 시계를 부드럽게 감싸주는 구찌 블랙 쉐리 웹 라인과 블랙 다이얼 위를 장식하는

-------

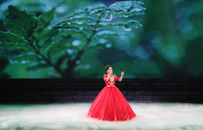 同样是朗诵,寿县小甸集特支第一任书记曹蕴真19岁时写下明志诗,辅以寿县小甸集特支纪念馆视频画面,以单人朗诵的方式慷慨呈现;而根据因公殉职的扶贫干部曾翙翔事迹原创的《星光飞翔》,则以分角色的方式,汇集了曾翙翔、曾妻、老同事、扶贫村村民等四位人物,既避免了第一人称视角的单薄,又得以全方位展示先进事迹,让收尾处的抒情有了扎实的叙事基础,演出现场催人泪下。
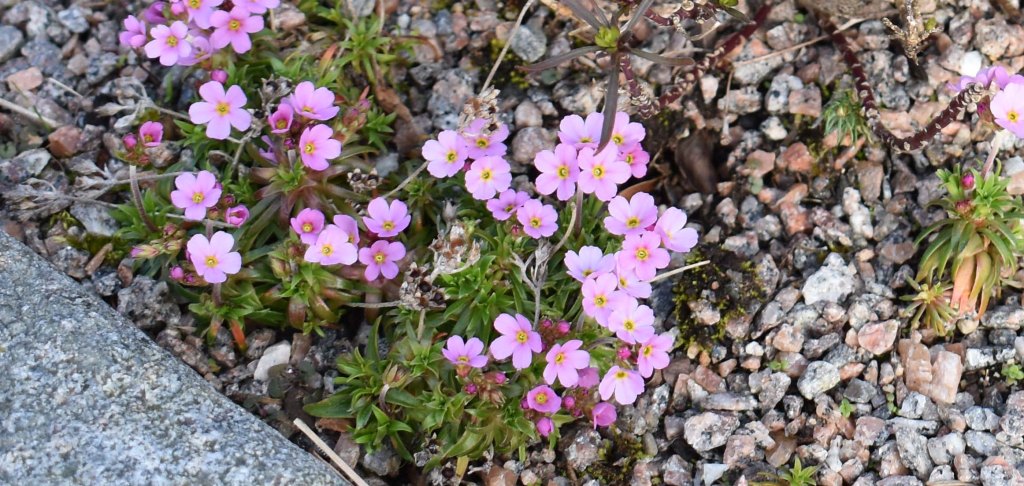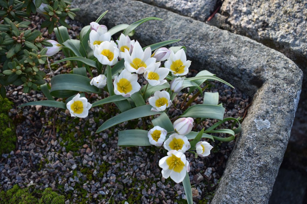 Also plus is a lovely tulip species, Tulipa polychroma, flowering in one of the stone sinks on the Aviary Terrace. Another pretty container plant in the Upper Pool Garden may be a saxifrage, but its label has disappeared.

-------

## REQUIREMENT
Using the records above, repeat exactly the run of lines that starts with the line with "同样是朗诵,寿县小甸集特支第" and goes on through the line with "Also plus is"; omit each picture.

## SOLUTION TO THIS PROBLEM
 同样是朗诵,寿县小甸集特支第一任书记曹蕴真19岁时写下明志诗,辅以寿县小甸集特支纪念馆视频画面,以单人朗诵的方式慷慨呈现;而根据因公殉职的扶贫干部曾翙翔事迹原创的《星光飞翔》,则以分角色的方式,汇集了曾翙翔、曾妻、老同事、扶贫村村民等四位人物,既避免了第一人称视角的单薄,又得以全方位展示先进事迹,让收尾处的抒情有了扎实的叙事基础,演出现场催人泪下。
 Also plus is a lovely tulip species, Tulipa polychroma, flowering in one of the stone sinks on the Aviary Terrace. Another pretty container plant in the Upper Pool Garden may be a saxifrage, but its label has disappeared.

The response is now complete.